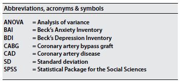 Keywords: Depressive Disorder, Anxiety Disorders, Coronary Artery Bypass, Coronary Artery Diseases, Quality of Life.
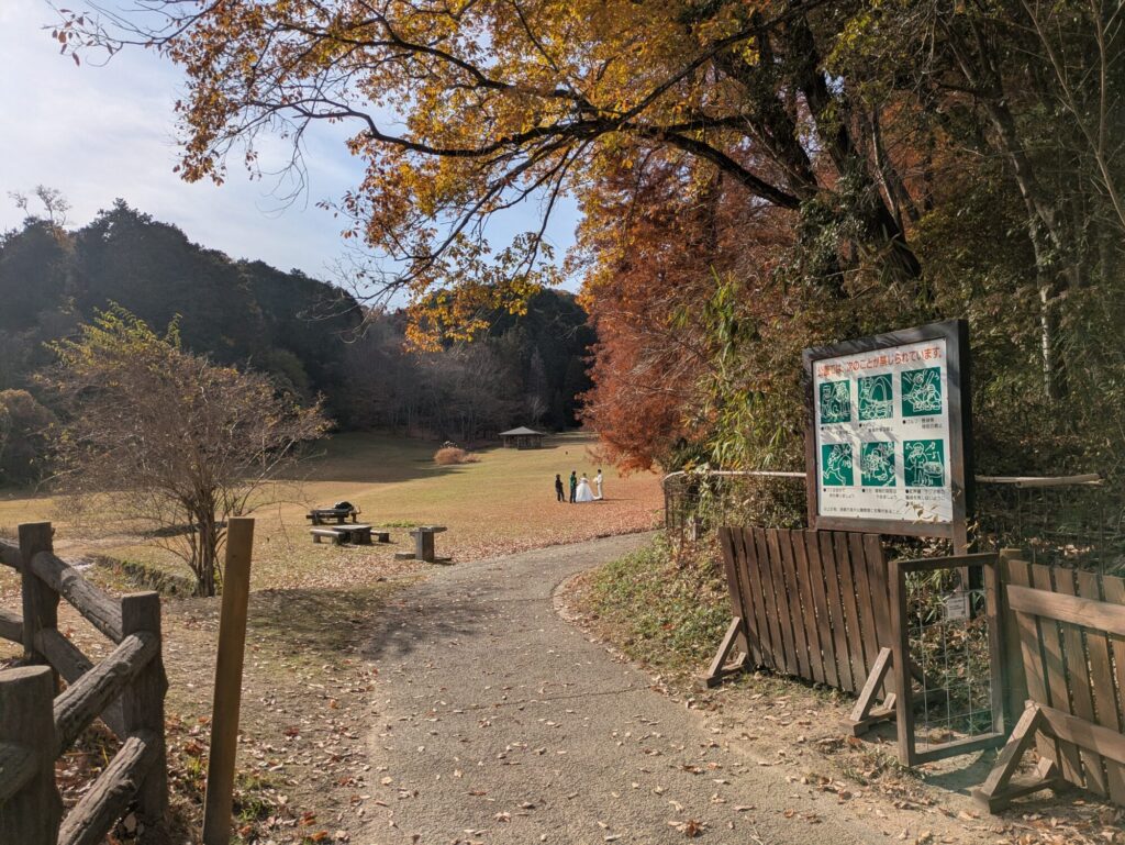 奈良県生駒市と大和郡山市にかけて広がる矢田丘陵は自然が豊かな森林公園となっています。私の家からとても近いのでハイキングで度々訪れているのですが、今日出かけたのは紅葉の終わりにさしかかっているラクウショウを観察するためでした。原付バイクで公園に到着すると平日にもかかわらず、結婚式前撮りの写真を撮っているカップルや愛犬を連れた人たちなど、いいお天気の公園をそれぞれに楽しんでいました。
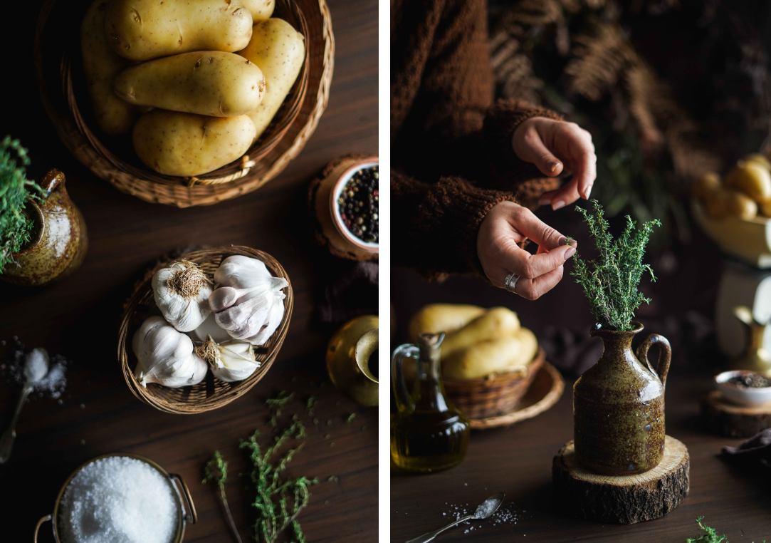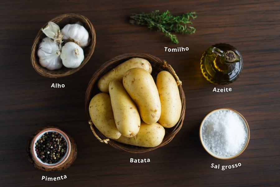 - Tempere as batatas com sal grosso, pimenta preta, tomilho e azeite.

-------------------------

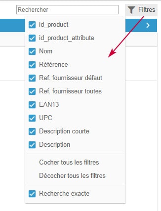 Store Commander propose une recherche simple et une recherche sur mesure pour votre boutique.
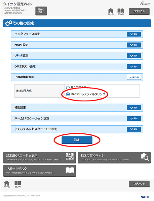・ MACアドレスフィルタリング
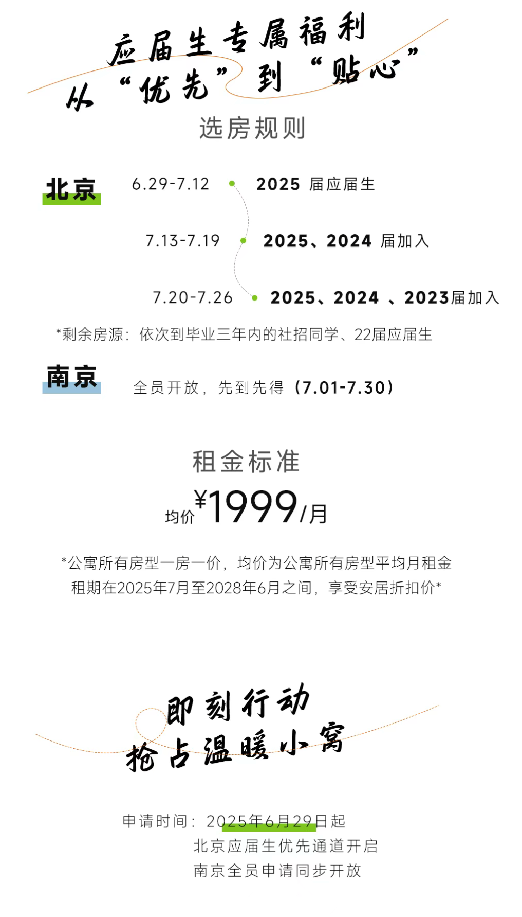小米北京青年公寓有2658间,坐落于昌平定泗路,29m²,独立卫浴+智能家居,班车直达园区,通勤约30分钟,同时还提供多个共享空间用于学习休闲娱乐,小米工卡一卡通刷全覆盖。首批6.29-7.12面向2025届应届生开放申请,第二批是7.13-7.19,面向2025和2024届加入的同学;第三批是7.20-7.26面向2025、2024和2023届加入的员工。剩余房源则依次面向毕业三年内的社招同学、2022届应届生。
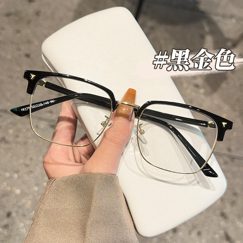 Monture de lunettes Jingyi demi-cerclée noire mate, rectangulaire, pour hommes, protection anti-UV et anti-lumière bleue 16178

-------------------------

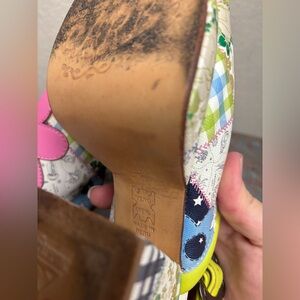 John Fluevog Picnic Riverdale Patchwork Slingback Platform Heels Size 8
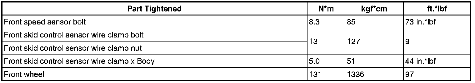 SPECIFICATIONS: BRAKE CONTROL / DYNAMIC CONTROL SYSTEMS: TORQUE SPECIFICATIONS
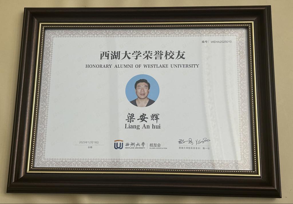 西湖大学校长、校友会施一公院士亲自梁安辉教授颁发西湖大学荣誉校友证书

-------------------------

== WORK ORDER ==
From the line containing "Keywords: Depressive Disorder, Anxiety" through the line containing "- Tempere as", copy every line above exactly, without pictures.

== WRITTEN ANSWER ==
 Keywords: Depressive Disorder, Anxiety Disorders, Coronary Artery Bypass, Coronary Artery Diseases, Quality of Life.
 奈良県生駒市と大和郡山市にかけて広がる矢田丘陵は自然が豊かな森林公園となっています。私の家からとても近いのでハイキングで度々訪れているのですが、今日出かけたのは紅葉の終わりにさしかかっているラクウショウを観察するためでした。原付バイクで公園に到着すると平日にもかかわらず、結婚式前撮りの写真を撮っているカップルや愛犬を連れた人たちなど、いいお天気の公園をそれぞれに楽しんでいました。
 - Tempere as batatas com sal grosso, pimenta preta, tomilho e azeite.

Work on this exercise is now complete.